How screwed am I ZFS degraded

jdabb

Dabbler
Joined
Aug 4, 2019
Messages
42
I just replaced one of my faulted drives and now the drive shows up as replacing and I can see some ghost drives as either unavailable or removed. I also have more faulted drives and my pool is operating on degraded as of right now how screwed am I and how can i fix the drive that is stuck on replacing?

1694561270926.png
 

Heracles

Wizard
Joined
Feb 2, 2018
Messages
1,401
Your vDev is RaidZ2, so can survive the loss of 2 drives.

First thing would be to do a complete backup of all your data while they are still available.

Once the backup is done, you will need to replace these faulted drives.

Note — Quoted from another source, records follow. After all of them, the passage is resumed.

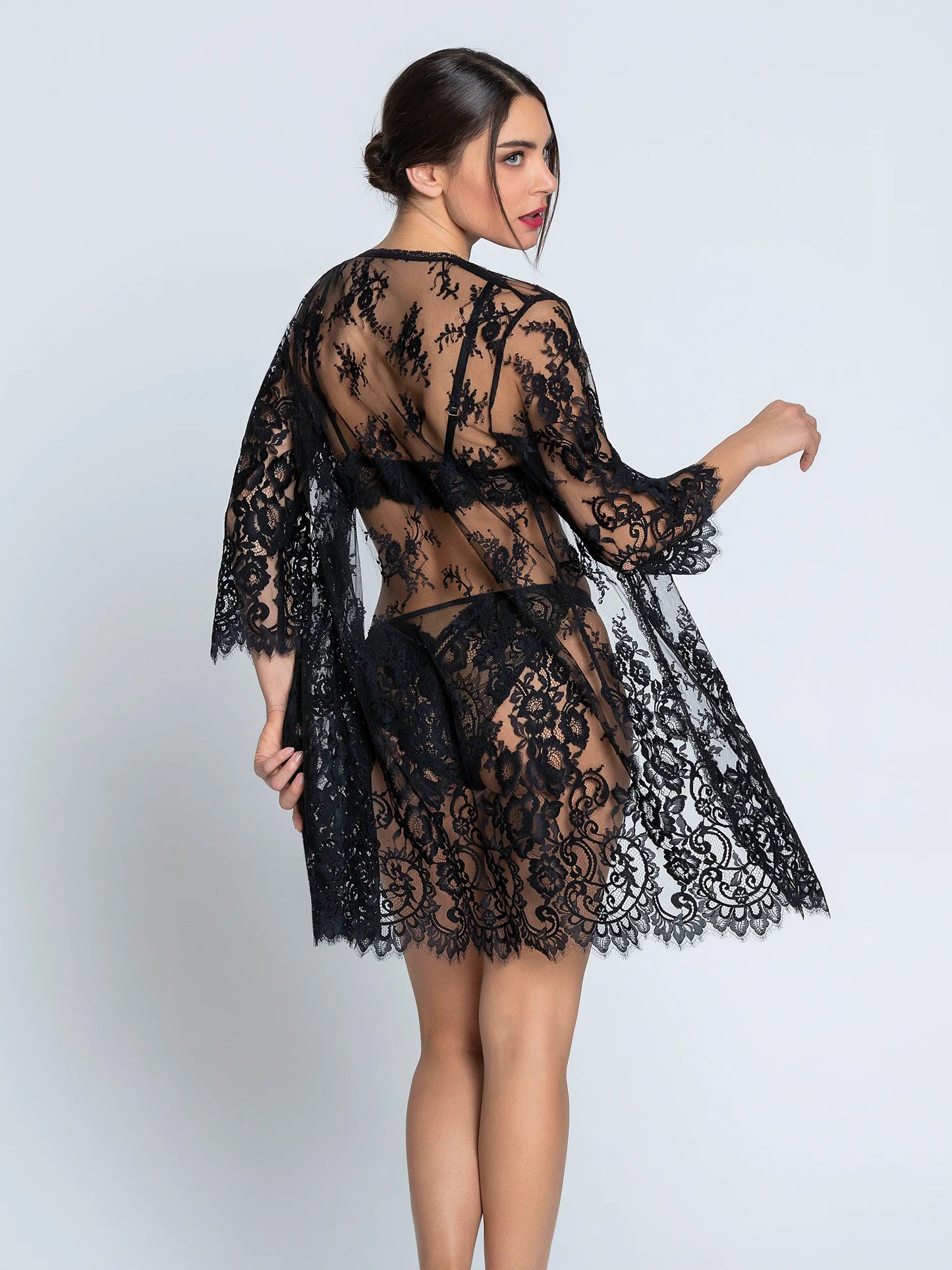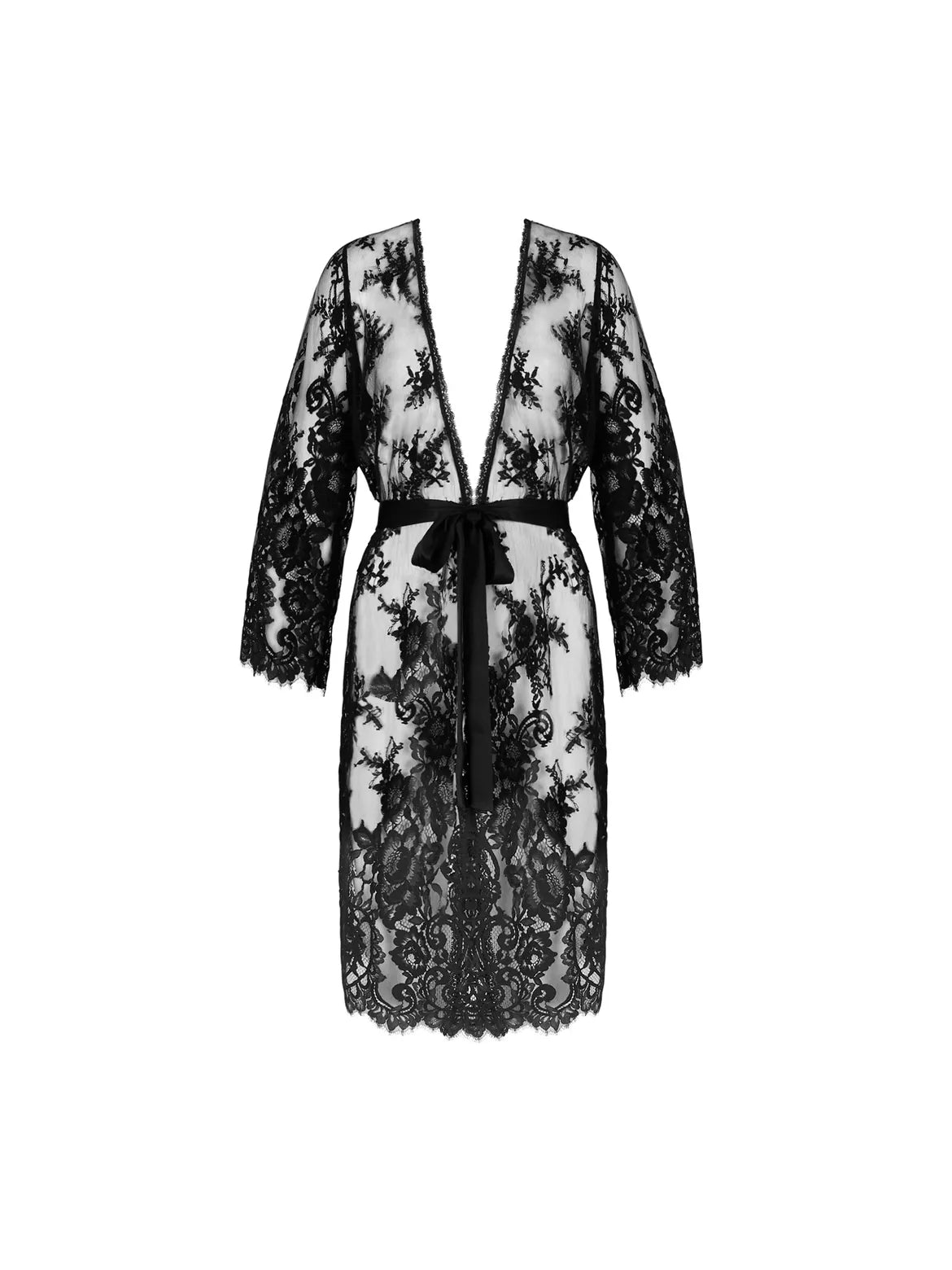 This timeless lace negligee from French designer Lise Charmel is made from jacquard lace with a Calais-Caudry® Leavers lace braid and silk satin belt. A classic straight fit with a V-neck and 3/4 sleeves.
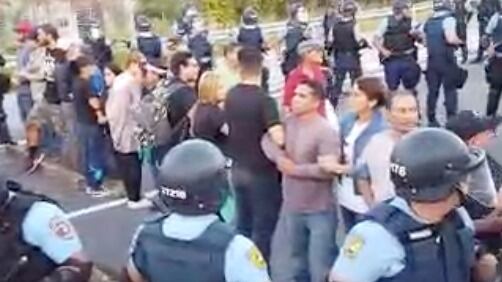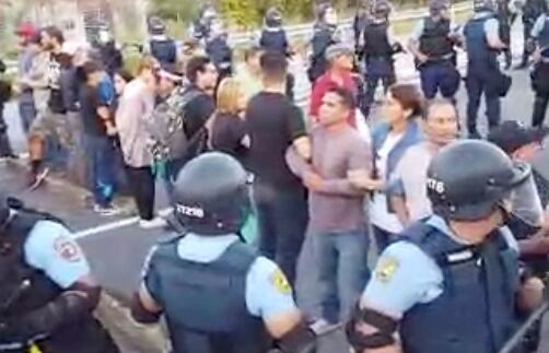Una fuerte presencia policiaca se encuentra en medio de la protesta.
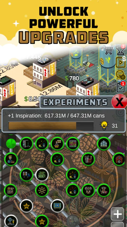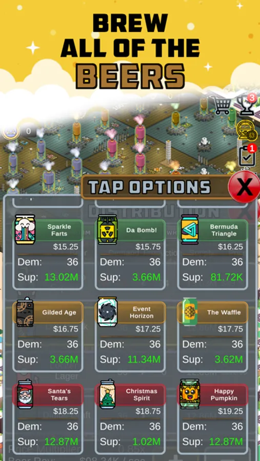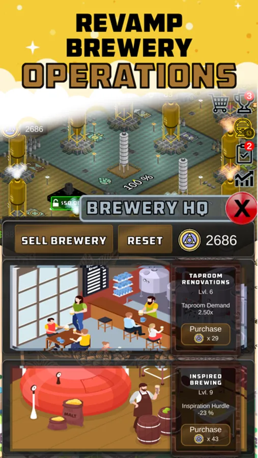 Grow your brewery and unlock permanent HQ upgrades by selling your successful brewery and reinvesting in a larger one. Unlock late-game experiments like robot bartenders, brewers guild membership, flagship beer selection, and more.
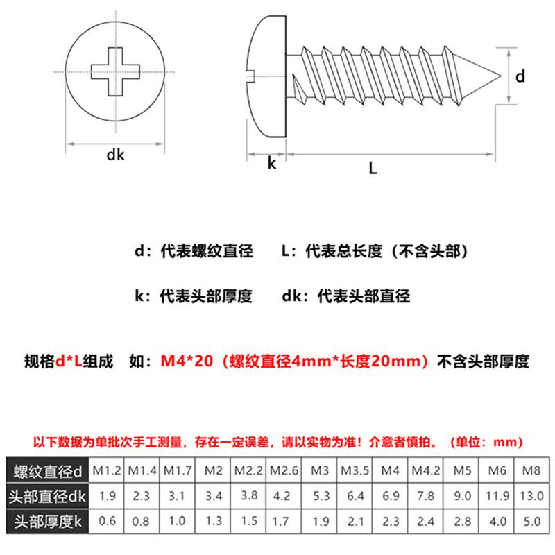 x6x10x20x30x50 304不锈钢黑色PA十字圆头自攻螺丝螺钉盘头
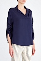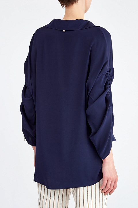 Лаконичная блуза из линии Hayot от Lorena Antoniazzi выполнена из чистого шелка в глубоком сапфировом оттенке с атласной внутренней поверхностью. Элегантность образу придает присборенная отделка на рукавах с завершающей деталью в виде мерцающих кристаллов на подвесках. Детали: закругленные нижние кромки, V-образная пройма горловины с отложным воротником, спущенная линия плеч, фирменная подвеска на спинке. Сделано в Италии.

Please, post the output of zpool status -v as well as the entire description of your hardware.
 

jdabb

Dabbler
Joined
Aug 4, 2019
Messages
42
~ > zpool status -v pool: Dexter state: DEGRADED status: One or more devices is currently being resilvered. The pool will continue to function, possibly in a degraded state. action: Wait for the resilver to complete. scan: resilver in progress since Tue Sep 12 19:00:08 2023 2.87T scanned at 1.75G/s, 1.68T issued at 1.02G/s, 60.3T total 8.97G resilvered, 2.78% done, 16:22:35 to go config: NAME STATE READ WRITE CKSUM Dexter DEGRADED 0 0 0 raidz2-0 DEGRADED 0 0 0 a748340d-bb16-11e9-9bb0-0cc47a694170 ONLINE 0 0 0 676cfe29-d36f-11e9-a78e-0cc47a694170 ONLINE 0 0 0 b14af7d5-bb16-11e9-9bb0-0cc47a694170 ONLINE 0 0 0 b64d09c5-bb16-11e9-9bb0-0cc47a694170 ONLINE 0 0 0 replacing-4 DEGRADED 0 0 0 7596868719220382264 UNAVAIL 0 0 0 was /dev/disk/by-partuuid/bb52065f-bb16-11e9-9bb0-0cc47a694170 2f72e03e-2820-4415-bee7-85e456a93abf REMOVED 0 0 0 1c269990-88ef-467e-a68d-8d2350fa95da REMOVED 0 0 0 fb3bf593-68cc-4f77-b24f-a377d94636e3 ONLINE 0 0 0 (resilvering) c05bd936-bb16-11e9-9bb0-0cc47a694170 ONLINE 0 0 0 raidz2-1 DEGRADED 0 0 0 63508770-9d3f-11ea-81d7-0cc47a694170 ONLINE 0 0 0 648d22a5-9d3f-11ea-81d7-0cc47a694170 ONLINE 0 0 0 65bb283c-9d3f-11ea-81d7-0cc47a694170 ONLINE 0 0 0 66ddb31a-9d3f-11ea-81d7-0cc47a694170 ONLINE 0 0 0 66297536752324112 UNAVAIL 0 0 0 was /dev/disk/by-partuuid/6abdb6cd-9d3f-11ea-81d7-0cc47a694170 6fc92053-9d3f-11ea-81d7-0cc47a694170 ONLINE 0 0 0 raidz2-2 DEGRADED 0 0 0 97d795c2-13a2-4434-afd7-c28caefc4165 DEGRADED 0 0 0 too many errors c77dd2f1-3f2f-4949-b73a-d079255a0847 ONLINE 0 0 0 c0f28785-1bef-4e1b-a655-69e421ca1343 ONLINE 0 0 0 (resilvering) 5af512ea-f485-4ca1-ada5-ab1a7f46b51c DEGRADED 0 0 0 too many errors 78e48027-c7cb-46df-bdfb-6e8998b0f469 ONLINE 0 0 0 80aab91e-66b9-48d6-82f1-c0009d764d37 ONLINE 0 0 0 (resilvering) raidz2-3 DEGRADED 0 0 0 a3260249-2c26-42c0-aebc-f5804f47bbb6 ONLINE 0 0 0 b6aba92c-08ae-4263-987c-47f56687c278 ONLINE 0 0 0 d25945ea-09ae-4f21-a59c-2352411435b0 ONLINE 0 0 1 (resilvering) 2c7e5a12-4122-4702-8da4-4fc0ec6d5492 ONLINE 0 0 0 (resilvering) ad359653-8699-4821-a89e-3c7c715175de DEGRADED 0 0 0 too many errors eee2e748-20c7-48c6-b508-65e700ce95d3 ONLINE 0 0 0 errors: No known data errors
 

Heracles

Wizard
Joined
Feb 2, 2018
Messages
1,401
Thanks for the output.

So you have 4x RaidZ2 vdevs. Each one can loose 2 drives without loosing your data.

So vDev 0 :
One drive is down and is being actively replaced as of now (see the drive marked as re-silvering).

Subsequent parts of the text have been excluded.